Yaa'all over thinking it.
I say radiator. It's a common issue. Your rebuilt motor is way more efficient now, and cooking that dino to higher BTUs. Your old rad can't keep up. Have it serviced or replaced.
Yaa'all over thinking it.
I say radiator. It's a common issue. Your rebuilt motor is way more efficient now, and cooking that dino to higher BTUs. Your old rad can't keep up. Have it serviced or replaced.
Oh yeah, a hose CAN cause overheat. Look at the lower hose with motor running. If it collapses, it will cause flow restriction. It's best to have a wire coil in the bottom hose. ( looks like a spring )
I don't agree. This is a mild build, not that far from stock and an old radiator may have reduced capacity but it's not going to exhibit the fast temperature spike described. A radiator problem will be one that keeps creeping up and cannot handle capacity over time, IMO. You're saying that you can't even get past startup and the temperature is spiking. Here's link hat shows the back side of the two styles of pumps, and you can tell by the flow path which one you have. The impeller may not be so easy, but as noted at the bottom of the page it doesn't "cup" water, but creates a pressure difference that slings the water out the ends - Direction of water pump | FlowKooler Water Pumps - Chevy, Dodge, Jeep, Ford, & more There may be better links out there, but this one popped up early in the quest.

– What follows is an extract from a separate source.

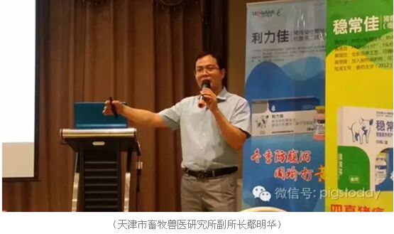 现今,困扰养殖户的两大疾病,一是圆环,二就是腹泻。而最为腹泻的头号杀手---流行性腹泻病毒,为什么猪场的感染率会如此之高?天津市畜牧兽医研究所副所长鄢明华也来到现场和大家做了专题汇报。鄢明华所长从仔猪腹泻传播特点、临床特点及危害等方面发表了自己的观点,并展示了部分他的最新研究成果,他认为,在腹泻疫病防控过程中,养殖户要想使疫苗的效果很好发挥出来,必须得重视生物安全。同时要重视和加强消灭传染源、切断传播途径的生物安全措施。

From post 1.. Radiator was cleaned.
BTW, welcome to the club, good to see you here and good luck on your "issue"! :LOL:
Can you verify / check coolant flow into the radiator? can you see the fluid moving?
If you have the thermostat out, and if you don't have the coolant to high, you may be able to see what kind of flow the pump is making.
If you do break it down. Be careful to verify the head gaskets have all the holes lined up with th eholes in the block.. that's my guess as to the real issue.. :LOL:
Oil pressure--
Verify pickup is installed correctly // hasnt fallen off
Was the short block checked to verify the torque required to turn the engine over? Usually after the short block is assembled, you put a torque wrench on the crank and measure the torque....excessive torque suggests stuff like tight bearings, bent crank, tight pistons, etc.
Mike
Okay got both issues resolved thanks to all of the help from everyone on here. Alright the oil pressure issue was my dumb mistake I left the oil galley plugs out of the front of the engine, A mistake that I am pretty safe in saying will not happen on my next build. Oil pressure is now 60 psi at an idle cold or warm. The overheating was due to a bad fan clutch replaced and now the engine runs at 180 with out a thermostat, which it is getting as soon as I get to the store today. I would like to say thank you for all of the help and great input received on here. I am going to be starting another engine as soon as I get the old block back from the machine shop and have all of the specifications on it. I have started another thread under small block chevy and would take any all input on setting it. Now I get to wonder if I did and how much damage I did to the engine by me mistake.
Good to hear you got things working, it's usually the simple and obvious that gets missed!!!
Ok got that done now ever since the first start up I am getting a lot of lifter noise from the engine. Not sure if I got the valves adjusted right, if some damage has been done with the previous problems, or if this is a normal break in noise for new lifters. Any suggestions on what to look for and I will be resetting the valve lash again just to be sure I got it right.